====== RECORDS

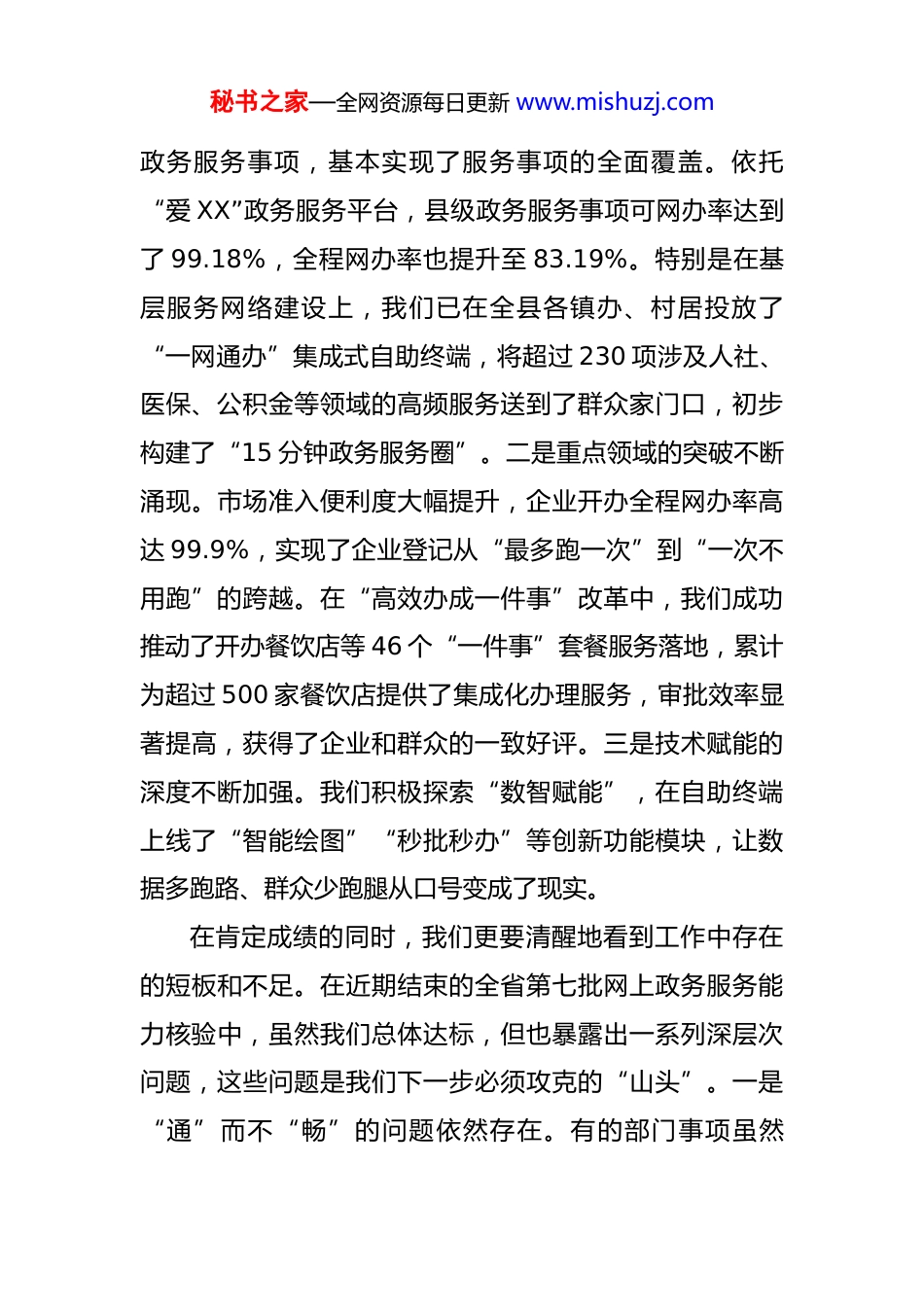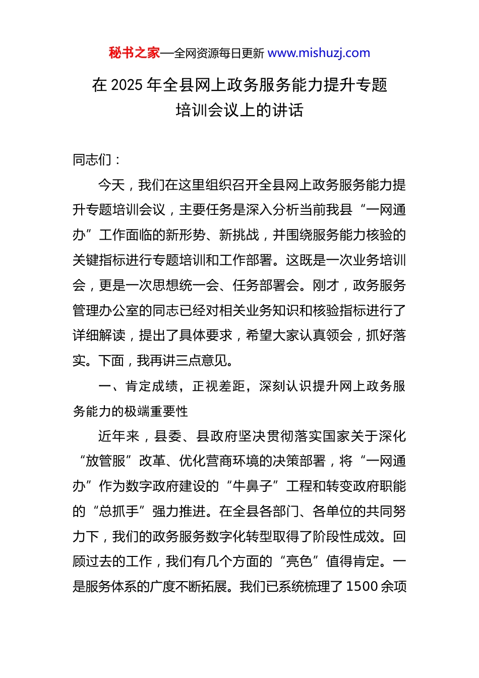 秘书之家—全网资源每日更新 www.mishuzj.com在 2025 年全县网上政务服务能力提升专题培训会议上的讲话 同志们:今天,我们在这里组织召开全县网上政务服务能力提升专题培训会议,主要任务是深入分析当前我县“一网通办”工作面临的新形势、新挑战,并围绕服务能力核验的关键指标进行专题培训和工作部署。这既是一次业务培训会,更是一次思想统一会、任务部署会。刚才,政务服务管理办公室的同志已经对相关业务知识和核验指标进行了详细解读,提出了具体要求,希望大家认真领会,抓好落实。下面,我再讲三点意见。一、肯定成绩,正视差距,深刻认识提升网上政务服务能力的极端重要性近年来,县委、县政府坚决贯彻落实国家关于深化“放管服”改革、优化营商环境的决策部署,将“一网通办”作为数字政府建设的“牛鼻子”工程和转变政府职能的“总抓手”强力推进。在全县各部门、各单位的共同努力下,我们的政务服务数字化转型取得了阶段性成效。回顾过去的工作,我们有几个方面的“亮色”值得肯定。一是服务体系的广度不断拓展。我们已系统梳理了 1500 余项秘书之家—全网资源每日更新 www.mishuzj.com政务服务事项,基本实现了服务事项的全面覆盖。依托“爱 XX”政务服务平台,县级政务服务事项可网办率达到了 99.18%,全程网办率也提升至 83.19%。特别是在基层服务网络建设上,我们已在全县各镇办、村居投放了“一网通办”集成式自助终端,将超过 230 项涉及人社、医保、公积金等领域的高频服务送到了群众家门口,初步构建了“15 分钟政务服务圈”。二是重点领域的突破不断涌现。市场准入便利度大幅提升,企业开办全程网办率高达 99.9%,实现了企业登记从“最多跑一次”到“一次不用跑”的跨越。在“高效办成一件事”改革中,我们成功推动了开办餐饮店等 46 个“一件事”套餐服务落地,累计为超过 500 家餐饮店提供了集成化办理服务,审批效率显著提高,获得了企业和群众的一致好评。三是技术赋能的深度不断加强。我们积极探索“数智赋能”,在自助终端上线了“智能绘图”“秒批秒办”等创新功能模块,让数据多跑路、群众少跑腿从口号变成了现实。在肯定成绩的同时,我们更要清醒地看到工作中存在的短板和不足。在近期结束的全省第七批网上政务服务能力核验中,虽然我们总体达标,但也暴露出一系列深层次问题,这些问题是我们下一步必须攻克的“山头”。一是“通”而不“畅”的问题依然存在。有的部门事项虽然秘书之家—全网资源每日更新 www.mishuzj.com“挂”在了网上,但办事指南要素不全、语焉不详,群众看不懂、不会办;有的事项办理流程线上线下“两张皮”,名为“全程网办”,实则还需要提交纸质材料,导致网上服务“中看不中用”。二是“办”而不“优”的问题比较突出。少数部门对网上办事的理解还停留在“收发室”阶段,线上申请,线下再审核,没有真正实现流程再造和系统对接。全程网办率 83.19%这个数字的背后,也意味着还有接近 17%的事项未能实现全流程在线办理,这恰恰是我们需要攻坚的“硬骨头”。三是“联”而不“通”的数据壁垒尚未完全打破。部门间系统不兼容、数据不共享的现象依然存在,导致“一件事”集成套餐服务“貌合神离”,群众和企业在一个主题下仍需面对多个系统、多次填报,办事体验感不佳。同志们,网上政务服务能力,是衡量一个地区营商环境和治理能力现代化水平的核心标尺。抓好这项工作,向上看,是落实上级决策部署、推动高质量发展的政治任务;向内看,是深化改革、转变政府职能的内在要求;向外看,是回应企业期盼、服务人民群众的民心工程。我们必须站在全局和战略的高度,进一步增强责任感、使命感和紧迫感,以刀刃向内的勇气和自我革命的精神,全力推动我县网上政务服务能力再上新台阶。秘书之家—全网资源每日更新 www.mishuzj.com二、聚焦关键,精准发力,全面掀起网上政务服务能力攻坚新高潮这次培训的核心,就是对标先进、查找不足、明确方向。各部门、各单位要以此次培训为契机,对照核验指标体系,逐项分析研判,拿出切实可行的提升方案。具体来说,要在以下三个方面实现新突破。第一,要在“应上尽上、全程网...
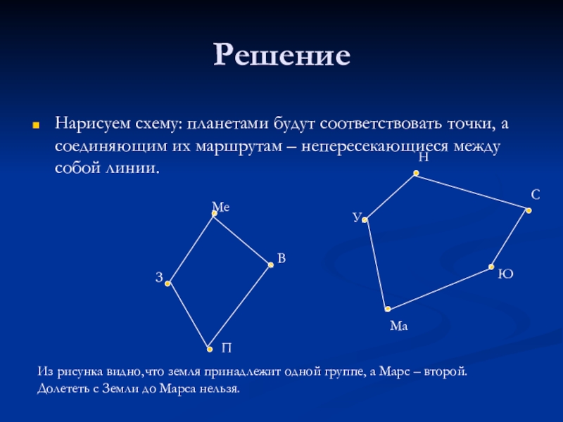Нарисуем схему: планетами будут соответствовать точки, а соединяющим их маршрутам –
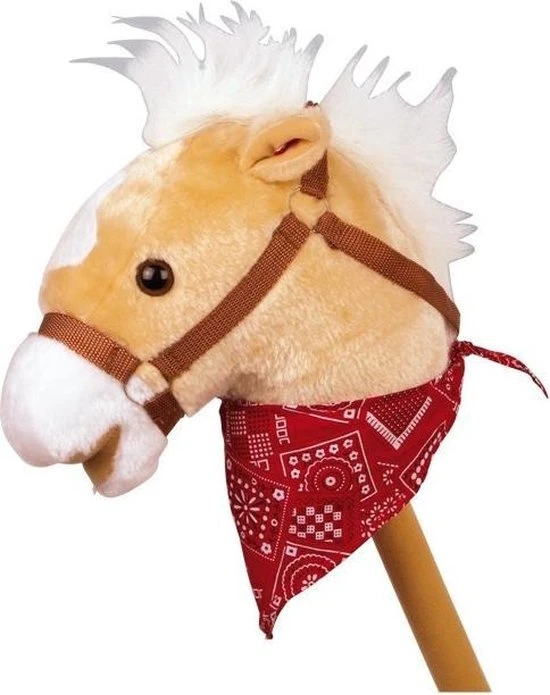 Een leuk oud stuk speelgoed, dat iedereen kent. Ook oma en opa reden vroeger zo rond. Hier komen sport en spel bij elkaar. Pak de stok bij de twee handvatten vast, doe de stok tussen de benen en je kunt van start! Het paard draagt een rood met witte halsdoek. Door op een van de oren te drukken begint het paard te hinniken en galoppeer geluiden te maken.
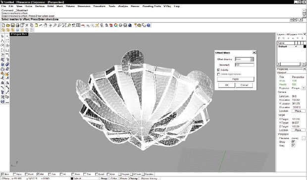En Rhino solía compensar malla espesa en la superficie. Hice clic en la casilla de verificación para solidificación crearía una malla sólida y creado de 2mm de espesor.
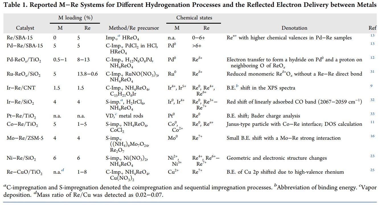双金属Re-M催化体系中的Re
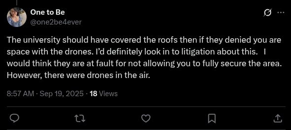 And more pointed out that other drones were present and flying around the campus on the day, prompting the question whose were they?
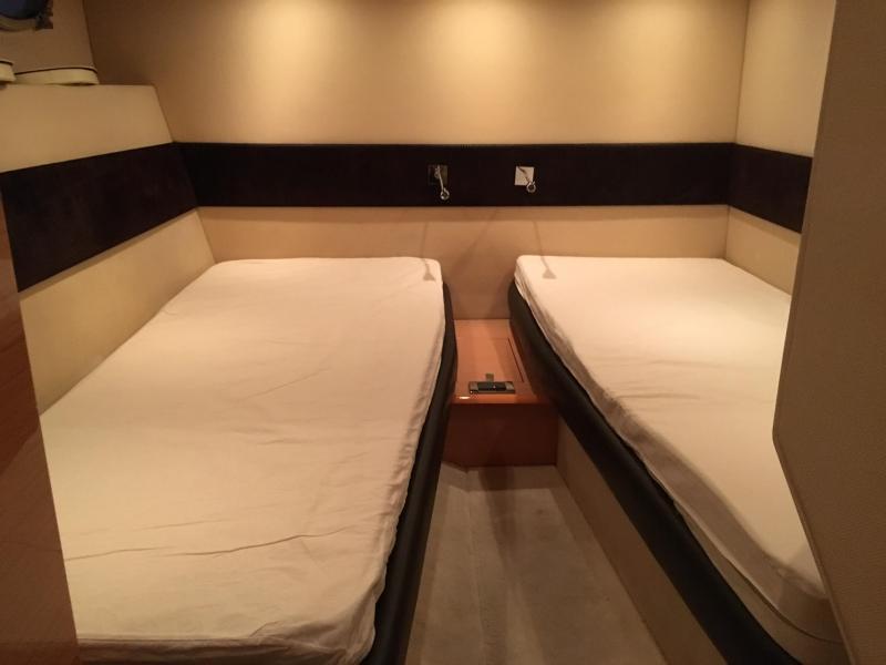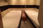 A loro volta, le tre cabine offrono un comfort di tipo più privato, al quale concorrono in modo determinante i notevoli volumi di stivaggio. Se un netto privilegio è assegnato giustamente all’armatoriale, che si trova a prua, non sfigura di certo la cabina di sinistra, a mezzanave, che, grazie al letto matrimoniale e alle dimensioni generali, può essere considerata come una “vip”. L’altra cabina ospiti, di dimensioni leggermente inferiori, è ottima per due ragazzi. In navigazione, il comfort è garantito dalla dolcezza di una carena che, con i suoi 16 gradi di stellatura allo specchio, passa sull’onda senza mai battere e segue l’accostata con un rollio indotto che facilita l’equilibrio dei passeggeri.
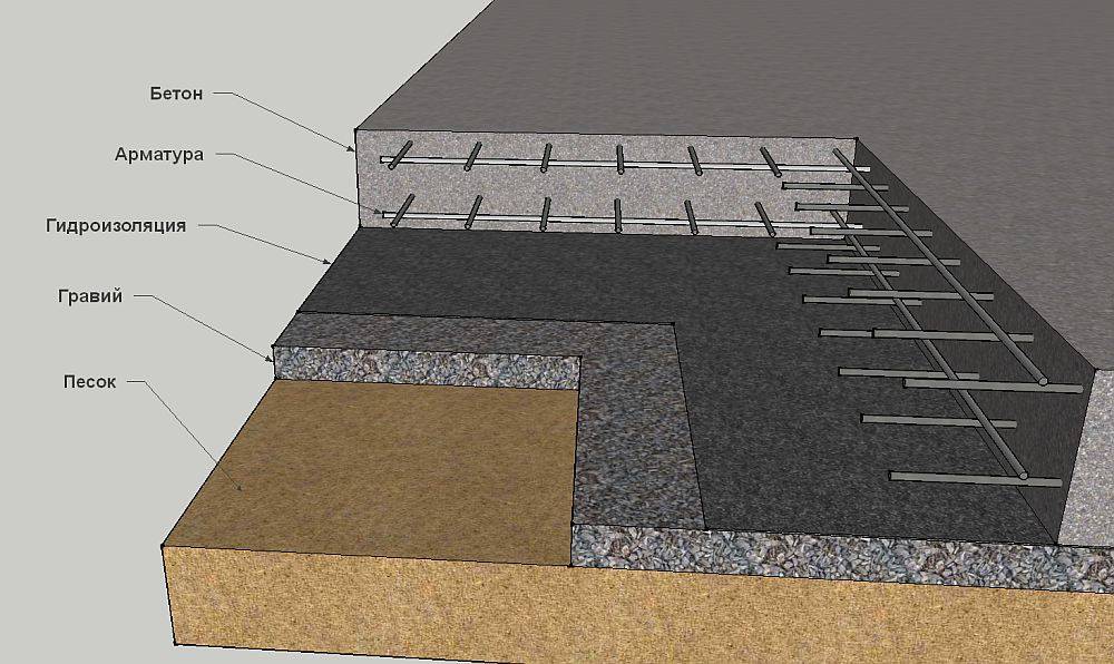 Так как оптимальная толщина (в зависимости от характеристик строения) варьируется в пределах 15-40 см, это необходимо учитывать при снятии грунта и изготовлении опалубки.
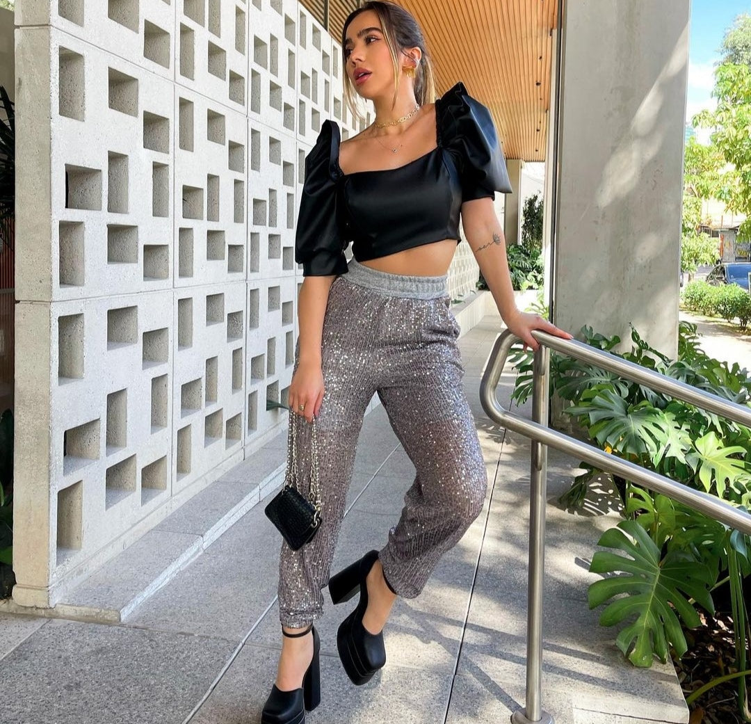 Calça toda em paetê modelo com elástico na cintura e na barra , tecido com elastano veste do 36 ao 44
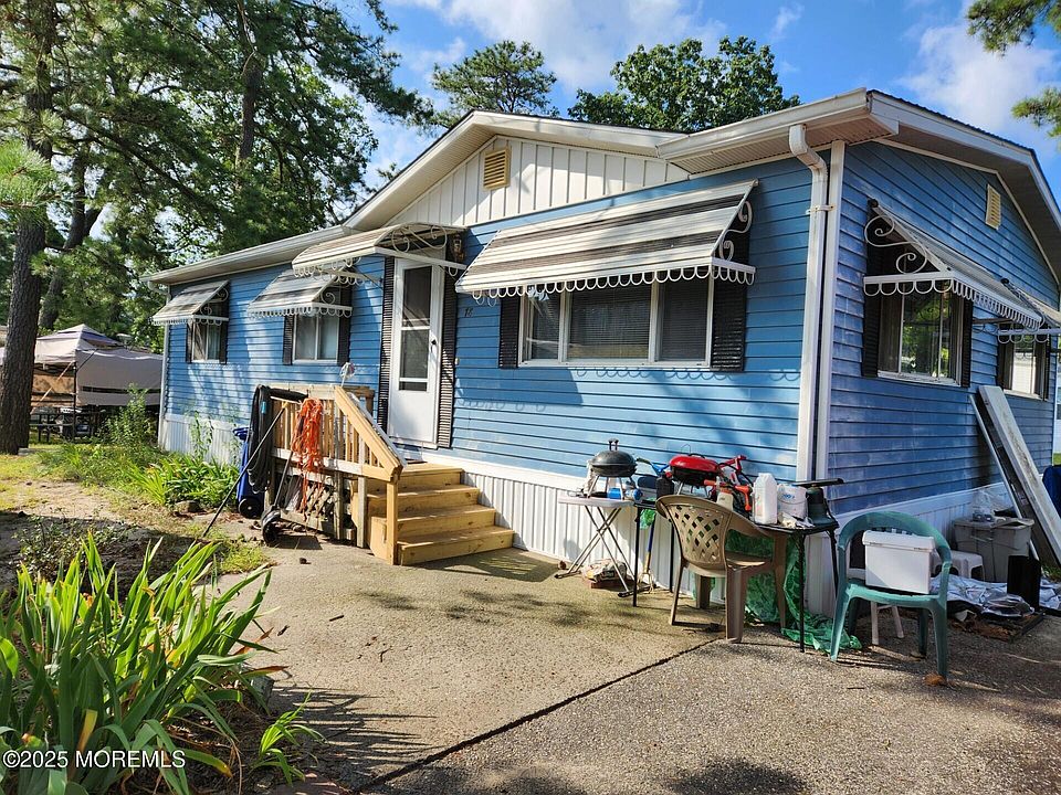 Start the next chapter of your life in this spacious double wide mobile home in adult community. Home has a new roof, new skirting, new front porch and new back steps, updated bath with vinyl planking floor, new vanity, sink and commode plus walk-in shower with glass doors. Living room features an electric fireplace and opens to dining area. Smooth top electric range, dishwasher and refrigerator. A three season room off the porch offers warm weather living space or extra storage. An extended driveway can accommodate at least 3 cars. A storage shed gives you additional storage. There are two clubhouses where you have an opportunity to socialize at birthday parties, day trips, bingo, cooking classes, arts and crafts, special lunches and dances. Less than 30 minute drive to Jersey shore plus many other local cultural and recreational attractions.

============

(TASK): Without including any pictures, reproduce the listing exactly.

(ANSWER TO THIS TASK):
 秘书之家—全网资源每日更新 www.mishuzj.com在 2025 年全县网上政务服务能力提升专题培训会议上的讲话 同志们:今天,我们在这里组织召开全县网上政务服务能力提升专题培训会议,主要任务是深入分析当前我县“一网通办”工作面临的新形势、新挑战,并围绕服务能力核验的关键指标进行专题培训和工作部署。这既是一次业务培训会,更是一次思想统一会、任务部署会。刚才,政务服务管理办公室的同志已经对相关业务知识和核验指标进行了详细解读,提出了具体要求,希望大家认真领会,抓好落实。下面,我再讲三点意见。一、肯定成绩,正视差距,深刻认识提升网上政务服务能力的极端重要性近年来,县委、县政府坚决贯彻落实国家关于深化“放管服”改革、优化营商环境的决策部署,将“一网通办”作为数字政府建设的“牛鼻子”工程和转变政府职能的“总抓手”强力推进。在全县各部门、各单位的共同努力下,我们的政务服务数字化转型取得了阶段性成效。回顾过去的工作,我们有几个方面的“亮色”值得肯定。一是服务体系的广度不断拓展。我们已系统梳理了 1500 余项秘书之家—全网资源每日更新 www.mishuzj.com政务服务事项,基本实现了服务事项的全面覆盖。依托“爱 XX”政务服务平台,县级政务服务事项可网办率达到了 99.18%,全程网办率也提升至 83.19%。特别是在基层服务网络建设上,我们已在全县各镇办、村居投放了“一网通办”集成式自助终端,将超过 230 项涉及人社、医保、公积金等领域的高频服务送到了群众家门口,初步构建了“15 分钟政务服务圈”。二是重点领域的突破不断涌现。市场准入便利度大幅提升,企业开办全程网办率高达 99.9%,实现了企业登记从“最多跑一次”到“一次不用跑”的跨越。在“高效办成一件事”改革中,我们成功推动了开办餐饮店等 46 个“一件事”套餐服务落地,累计为超过 500 家餐饮店提供了集成化办理服务,审批效率显著提高,获得了企业和群众的一致好评。三是技术赋能的深度不断加强。我们积极探索“数智赋能”,在自助终端上线了“智能绘图”“秒批秒办”等创新功能模块,让数据多跑路、群众少跑腿从口号变成了现实。在肯定成绩的同时,我们更要清醒地看到工作中存在的短板和不足。在近期结束的全省第七批网上政务服务能力核验中,虽然我们总体达标,但也暴露出一系列深层次问题,这些问题是我们下一步必须攻克的“山头”。一是“通”而不“畅”的问题依然存在。有的部门事项虽然秘书之家—全网资源每日更新 www.mishuzj.com“挂”在了网上,但办事指南要素不全、语焉不详,群众看不懂、不会办;有的事项办理流程线上线下“两张皮”,名为“全程网办”,实则还需要提交纸质材料,导致网上服务“中看不中用”。二是“办”而不“优”的问题比较突出。少数部门对网上办事的理解还停留在“收发室”阶段,线上申请,线下再审核,没有真正实现流程再造和系统对接。全程网办率 83.19%这个数字的背后,也意味着还有接近 17%的事项未能实现全流程在线办理,这恰恰是我们需要攻坚的“硬骨头”。三是“联”而不“通”的数据壁垒尚未完全打破。部门间系统不兼容、数据不共享的现象依然存在,导致“一件事”集成套餐服务“貌合神离”,群众和企业在一个主题下仍需面对多个系统、多次填报,办事体验感不佳。同志们,网上政务服务能力,是衡量一个地区营商环境和治理能力现代化水平的核心标尺。抓好这项工作,向上看,是落实上级决策部署、推动高质量发展的政治任务;向内看,是深化改革、转变政府职能的内在要求;向外看,是回应企业期盼、服务人民群众的民心工程。我们必须站在全局和战略的高度,进一步增强责任感、使命感和紧迫感,以刀刃向内的勇气和自我革命的精神,全力推动我县网上政务服务能力再上新台阶。秘书之家—全网资源每日更新 www.mishuzj.com二、聚焦关键,精准发力,全面掀起网上政务服务能力攻坚新高潮这次培训的核心,就是对标先进、查找不足、明确方向。各部门、各单位要以此次培训为契机,对照核验指标体系,逐项分析研判,拿出切实可行的提升方案。具体来说,要在以下三个方面实现新突破。第一,要在“应上尽上、全程网...
Нарисуем схему: планетами будут соответствовать точки, а соединяющим их маршрутам –
 Een leuk oud stuk speelgoed, dat iedereen kent. Ook oma en opa reden vroeger zo rond. Hier komen sport en spel bij elkaar. Pak de stok bij de twee handvatten vast, doe de stok tussen de benen en je kunt van start! Het paard draagt een rood met witte halsdoek. Door op een van de oren te drukken begint het paard te hinniken en galoppeer geluiden te maken.
En Rhino solía compensar malla espesa en la superficie. Hice clic en la casilla de verificación para solidificación crearía una malla sólida y creado de 2mm de espesor.
双金属Re-M催化体系中的Re
 And more pointed out that other drones were present and flying around the campus on the day, prompting the question whose were they?
 A loro volta, le tre cabine offrono un comfort di tipo più privato, al quale concorrono in modo determinante i notevoli volumi di stivaggio. Se un netto privilegio è assegnato giustamente all’armatoriale, che si trova a prua, non sfigura di certo la cabina di sinistra, a mezzanave, che, grazie al letto matrimoniale e alle dimensioni generali, può essere considerata come una “vip”. L’altra cabina ospiti, di dimensioni leggermente inferiori, è ottima per due ragazzi. In navigazione, il comfort è garantito dalla dolcezza di una carena che, con i suoi 16 gradi di stellatura allo specchio, passa sull’onda senza mai battere e segue l’accostata con un rollio indotto che facilita l’equilibrio dei passeggeri.
 Так как оптимальная толщина (в зависимости от характеристик строения) варьируется в пределах 15-40 см, это необходимо учитывать при снятии грунта и изготовлении опалубки.
 Calça toda em paetê modelo com elástico na cintura e na barra , tecido com elastano veste do 36 ao 44
 Start the next chapter of your life in this spacious double wide mobile home in adult community. Home has a new roof, new skirting, new front porch and new back steps, updated bath with vinyl planking floor, new vanity, sink and commode plus walk-in shower with glass doors. Living room features an electric fireplace and opens to dining area. Smooth top electric range, dishwasher and refrigerator. A three season room off the porch offers warm weather living space or extra storage. An extended driveway can accommodate at least 3 cars. A storage shed gives you additional storage. There are two clubhouses where you have an opportunity to socialize at birthday parties, day trips, bingo, cooking classes, arts and crafts, special lunches and dances. Less than 30 minute drive to Jersey shore plus many other local cultural and recreational attractions.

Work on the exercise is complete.